*** Data section Section Begins ***
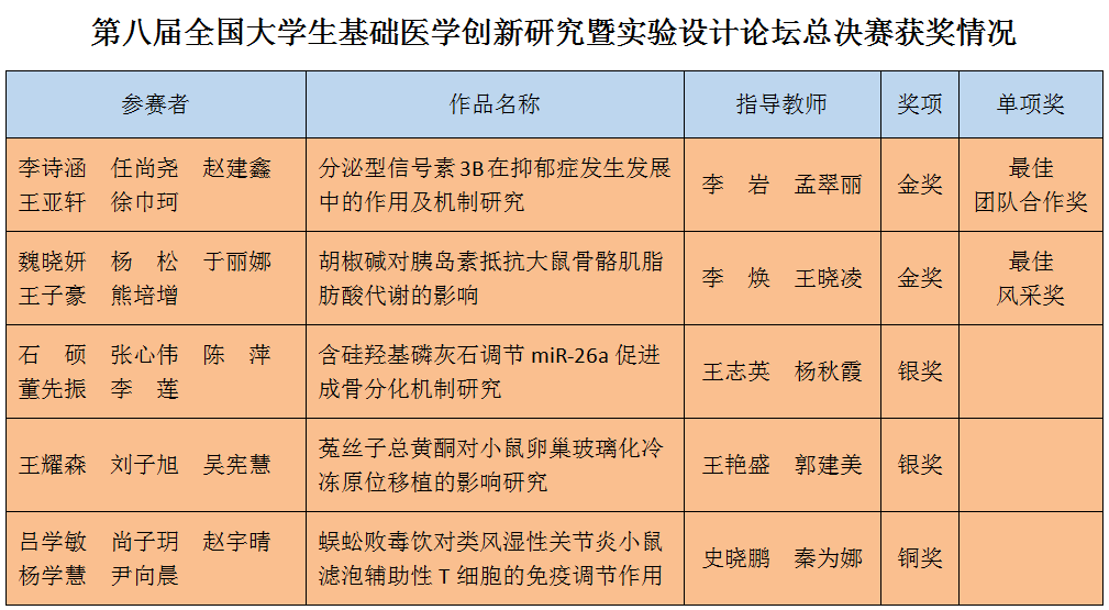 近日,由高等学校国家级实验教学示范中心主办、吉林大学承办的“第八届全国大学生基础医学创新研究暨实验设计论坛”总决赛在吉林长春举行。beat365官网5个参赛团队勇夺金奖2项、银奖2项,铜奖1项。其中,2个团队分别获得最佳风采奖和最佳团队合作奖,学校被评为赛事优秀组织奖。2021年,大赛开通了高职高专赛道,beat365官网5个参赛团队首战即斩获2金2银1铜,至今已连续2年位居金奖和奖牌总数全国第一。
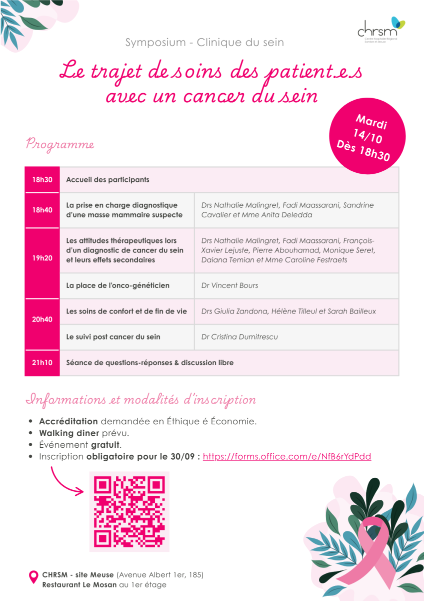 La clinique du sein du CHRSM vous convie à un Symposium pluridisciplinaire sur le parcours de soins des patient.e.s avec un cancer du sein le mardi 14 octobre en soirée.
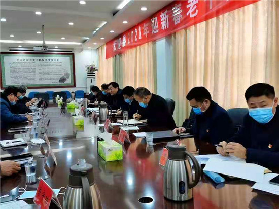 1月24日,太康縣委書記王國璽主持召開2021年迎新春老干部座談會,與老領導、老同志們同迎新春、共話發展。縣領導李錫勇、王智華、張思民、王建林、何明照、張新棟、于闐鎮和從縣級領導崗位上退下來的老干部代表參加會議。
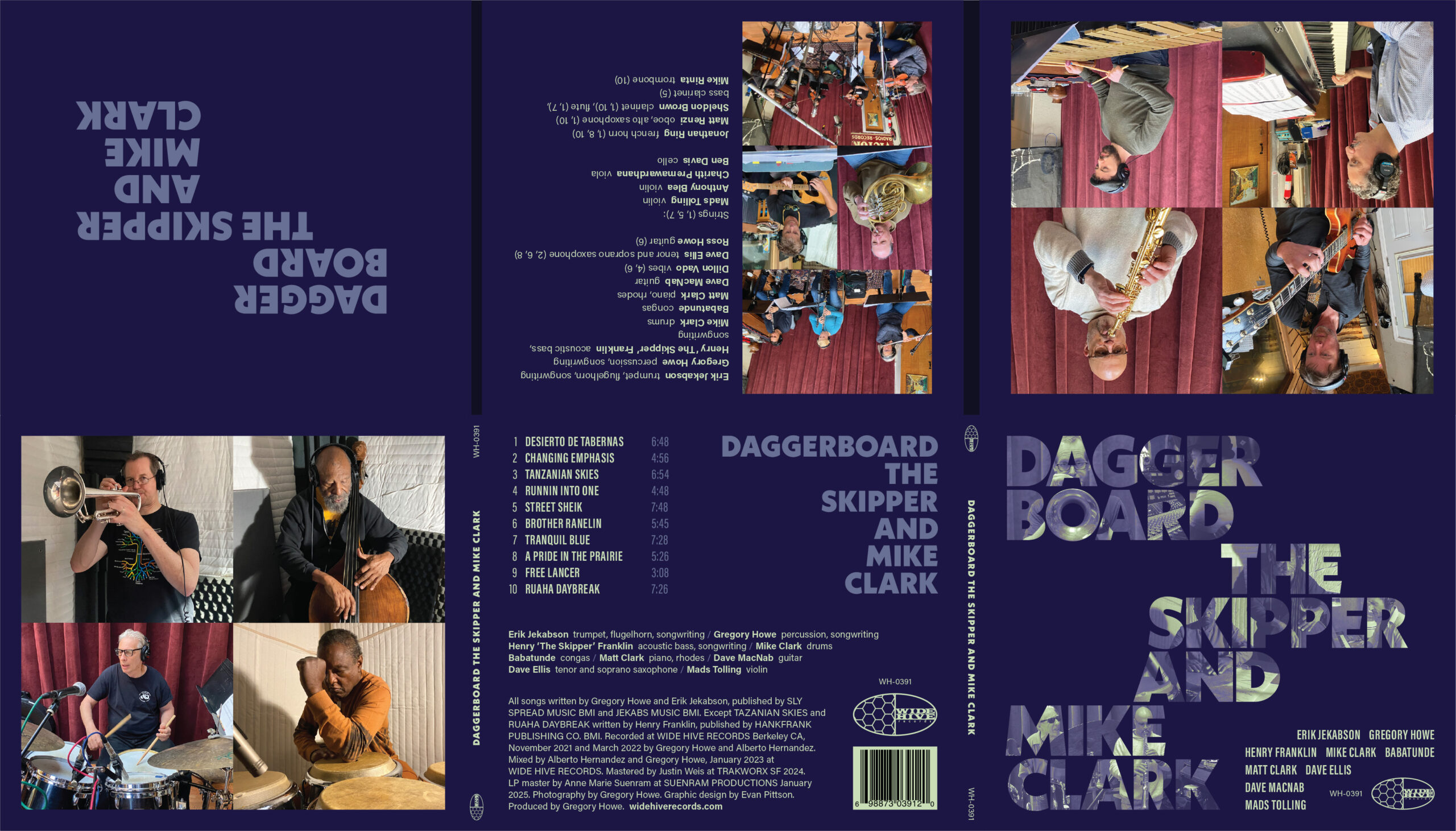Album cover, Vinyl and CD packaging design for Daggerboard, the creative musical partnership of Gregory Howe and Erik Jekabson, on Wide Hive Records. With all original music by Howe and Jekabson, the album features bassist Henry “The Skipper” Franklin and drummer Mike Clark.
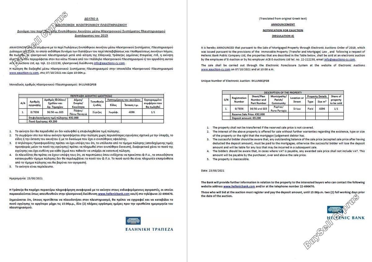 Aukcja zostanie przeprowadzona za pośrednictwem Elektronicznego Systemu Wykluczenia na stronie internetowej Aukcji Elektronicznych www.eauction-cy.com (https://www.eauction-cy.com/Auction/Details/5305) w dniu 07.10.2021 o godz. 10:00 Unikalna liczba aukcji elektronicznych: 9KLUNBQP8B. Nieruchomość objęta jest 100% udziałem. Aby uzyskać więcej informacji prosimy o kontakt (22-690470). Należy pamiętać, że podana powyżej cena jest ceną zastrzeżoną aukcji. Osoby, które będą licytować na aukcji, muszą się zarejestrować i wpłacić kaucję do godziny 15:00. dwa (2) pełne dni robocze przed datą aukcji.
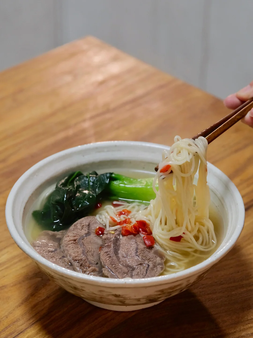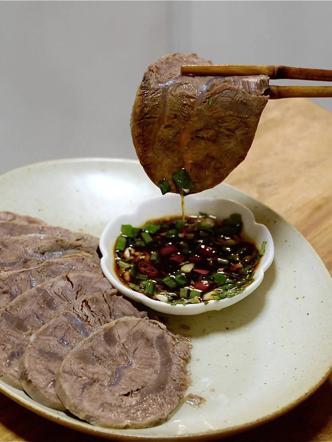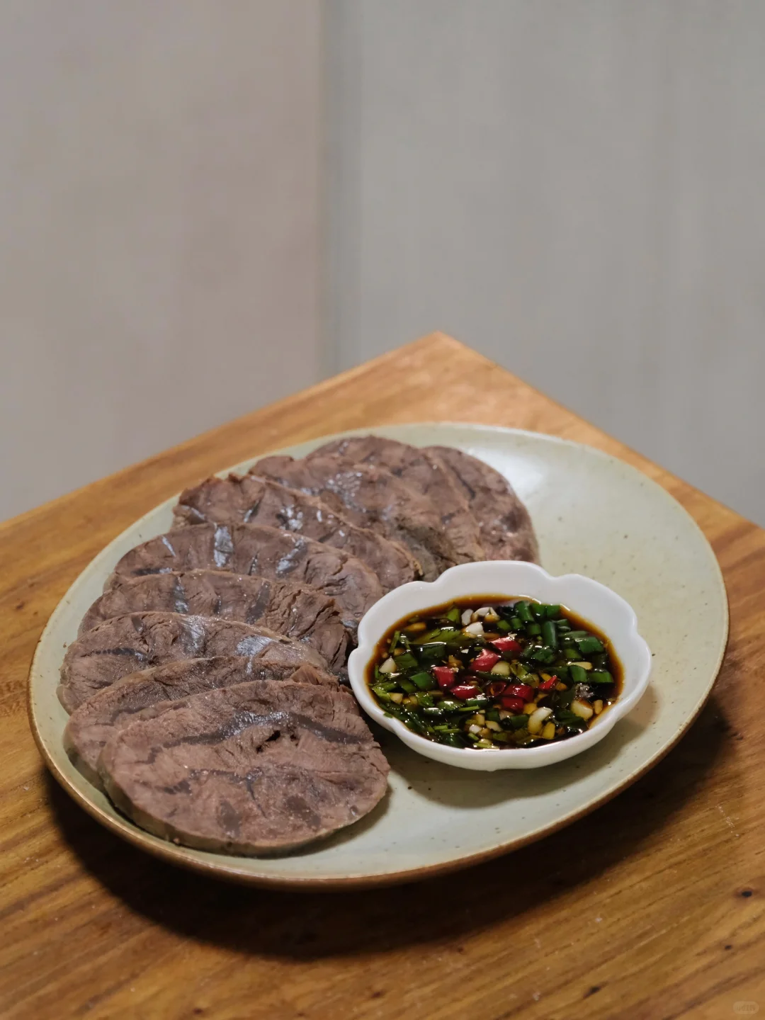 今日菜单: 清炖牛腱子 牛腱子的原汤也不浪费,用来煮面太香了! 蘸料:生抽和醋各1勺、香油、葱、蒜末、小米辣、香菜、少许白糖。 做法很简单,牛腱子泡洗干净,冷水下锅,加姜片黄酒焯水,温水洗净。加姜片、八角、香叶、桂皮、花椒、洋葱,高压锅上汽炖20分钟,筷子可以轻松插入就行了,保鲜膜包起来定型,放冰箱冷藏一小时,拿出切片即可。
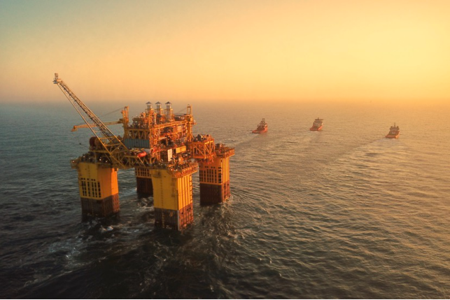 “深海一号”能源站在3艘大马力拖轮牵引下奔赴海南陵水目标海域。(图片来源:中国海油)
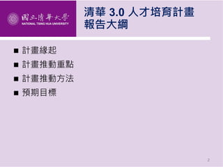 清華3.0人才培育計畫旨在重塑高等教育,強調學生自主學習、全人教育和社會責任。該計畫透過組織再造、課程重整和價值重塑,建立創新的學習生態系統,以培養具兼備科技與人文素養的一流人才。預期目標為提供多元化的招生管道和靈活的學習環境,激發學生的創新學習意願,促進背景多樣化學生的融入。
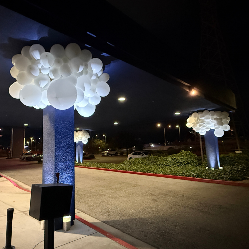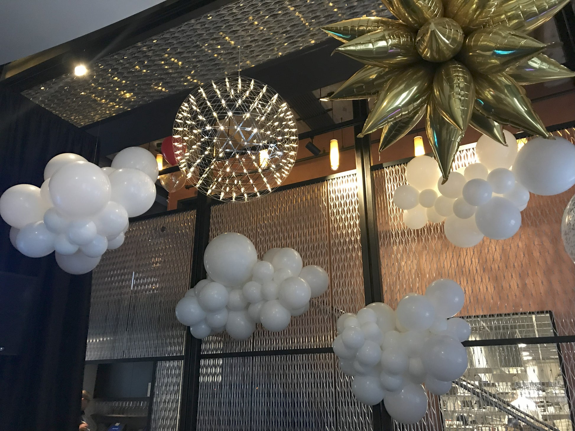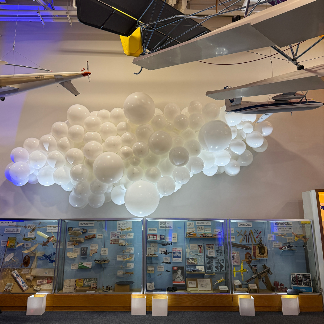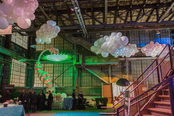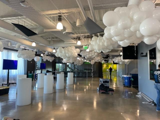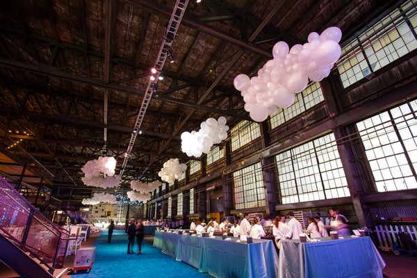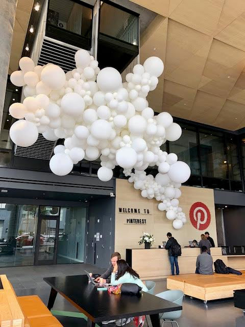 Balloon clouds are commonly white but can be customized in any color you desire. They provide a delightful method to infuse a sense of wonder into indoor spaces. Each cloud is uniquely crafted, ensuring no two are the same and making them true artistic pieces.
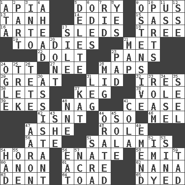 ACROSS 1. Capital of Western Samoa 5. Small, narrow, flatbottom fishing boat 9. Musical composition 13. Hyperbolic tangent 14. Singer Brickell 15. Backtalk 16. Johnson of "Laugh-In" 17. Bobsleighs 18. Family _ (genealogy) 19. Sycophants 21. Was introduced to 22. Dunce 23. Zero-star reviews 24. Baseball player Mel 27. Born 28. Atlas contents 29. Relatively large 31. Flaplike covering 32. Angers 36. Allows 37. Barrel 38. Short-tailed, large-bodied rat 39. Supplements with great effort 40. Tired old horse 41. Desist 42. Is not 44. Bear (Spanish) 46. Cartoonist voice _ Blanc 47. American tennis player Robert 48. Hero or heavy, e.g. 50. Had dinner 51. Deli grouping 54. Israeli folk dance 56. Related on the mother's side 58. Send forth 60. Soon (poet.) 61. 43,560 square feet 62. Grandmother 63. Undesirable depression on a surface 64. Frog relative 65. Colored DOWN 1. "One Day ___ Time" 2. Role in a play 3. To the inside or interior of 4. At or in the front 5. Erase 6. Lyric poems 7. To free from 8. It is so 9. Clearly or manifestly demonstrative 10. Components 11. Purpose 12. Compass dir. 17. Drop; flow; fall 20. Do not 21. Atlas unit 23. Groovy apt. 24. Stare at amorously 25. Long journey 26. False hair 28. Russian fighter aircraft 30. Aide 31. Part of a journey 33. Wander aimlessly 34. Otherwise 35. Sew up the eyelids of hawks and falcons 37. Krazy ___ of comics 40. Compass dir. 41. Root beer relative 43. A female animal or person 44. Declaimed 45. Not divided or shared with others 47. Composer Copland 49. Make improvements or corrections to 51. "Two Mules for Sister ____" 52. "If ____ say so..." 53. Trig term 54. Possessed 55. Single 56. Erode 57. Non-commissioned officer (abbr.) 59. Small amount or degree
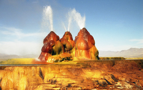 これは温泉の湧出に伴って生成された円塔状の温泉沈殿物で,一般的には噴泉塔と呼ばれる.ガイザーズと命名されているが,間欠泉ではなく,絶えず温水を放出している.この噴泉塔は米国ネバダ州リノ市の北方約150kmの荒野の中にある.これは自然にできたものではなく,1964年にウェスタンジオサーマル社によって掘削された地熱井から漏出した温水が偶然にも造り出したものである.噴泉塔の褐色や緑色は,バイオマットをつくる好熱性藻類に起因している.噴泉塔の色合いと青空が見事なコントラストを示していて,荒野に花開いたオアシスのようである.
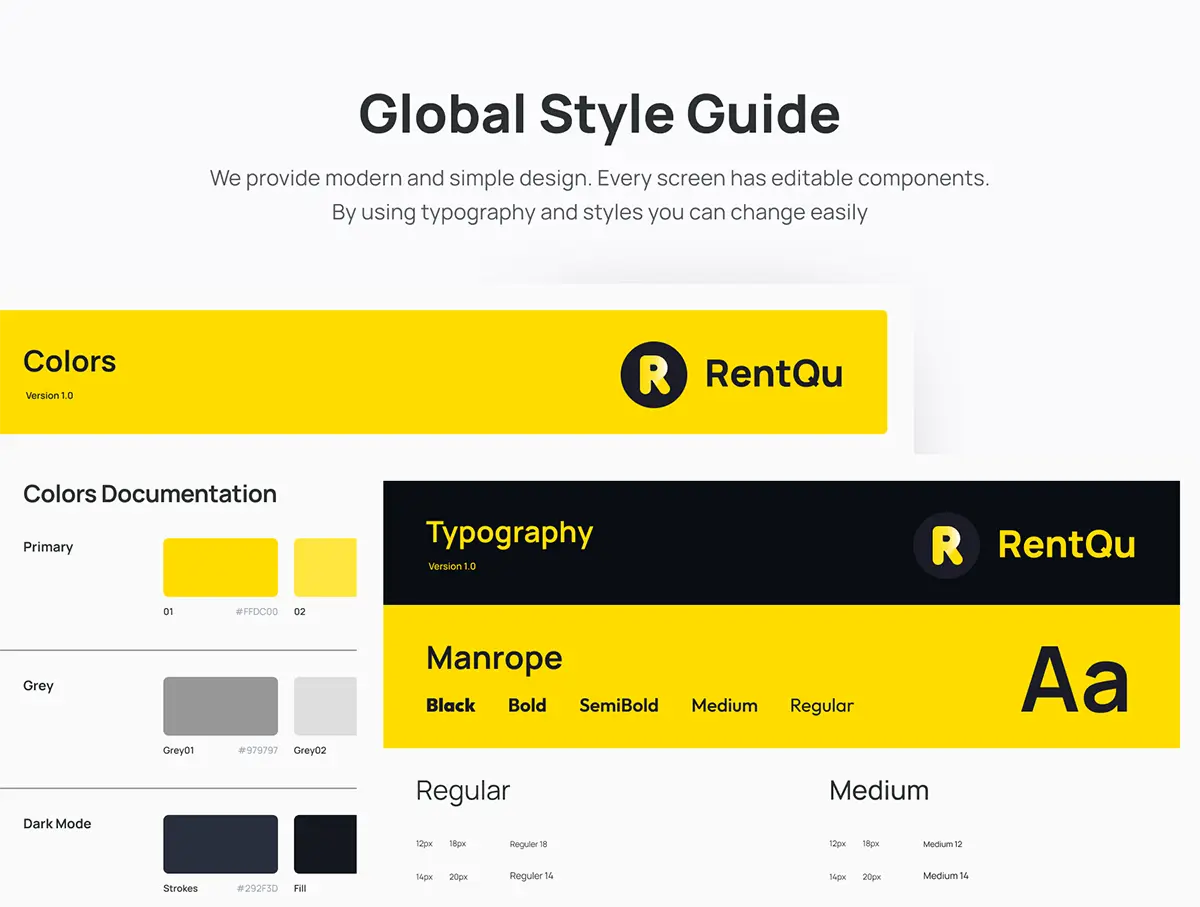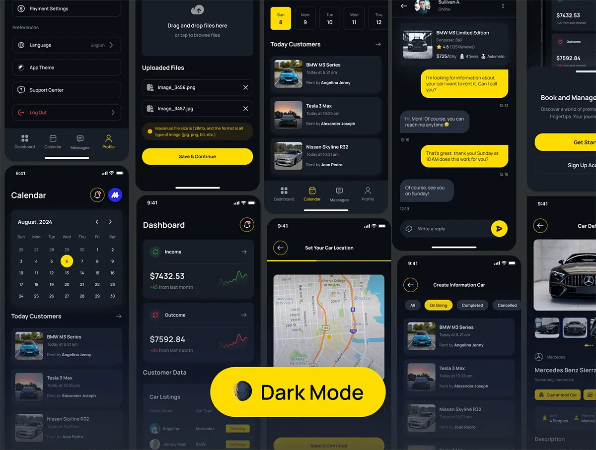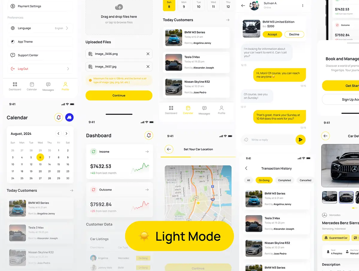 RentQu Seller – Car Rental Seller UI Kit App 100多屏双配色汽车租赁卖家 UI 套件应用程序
*** Data section Section Ends ***
* [Task directions] Repeat only the lines between the top of the entries above and the line containing "Album cover, Vinyl", both ends included, without the pictures.

* [Task output]
 近日,由高等学校国家级实验教学示范中心主办、吉林大学承办的“第八届全国大学生基础医学创新研究暨实验设计论坛”总决赛在吉林长春举行。beat365官网5个参赛团队勇夺金奖2项、银奖2项,铜奖1项。其中,2个团队分别获得最佳风采奖和最佳团队合作奖,学校被评为赛事优秀组织奖。2021年,大赛开通了高职高专赛道,beat365官网5个参赛团队首战即斩获2金2银1铜,至今已连续2年位居金奖和奖牌总数全国第一。
 La clinique du sein du CHRSM vous convie à un Symposium pluridisciplinaire sur le parcours de soins des patient.e.s avec un cancer du sein le mardi 14 octobre en soirée.
 1月24日,太康縣委書記王國璽主持召開2021年迎新春老干部座談會,與老領導、老同志們同迎新春、共話發展。縣領導李錫勇、王智華、張思民、王建林、何明照、張新棟、于闐鎮和從縣級領導崗位上退下來的老干部代表參加會議。
Album cover, Vinyl and CD packaging design for Daggerboard, the creative musical partnership of Gregory Howe and Erik Jekabson, on Wide Hive Records. With all original music by Howe and Jekabson, the album features bassist Henry “The Skipper” Franklin and drummer Mike Clark.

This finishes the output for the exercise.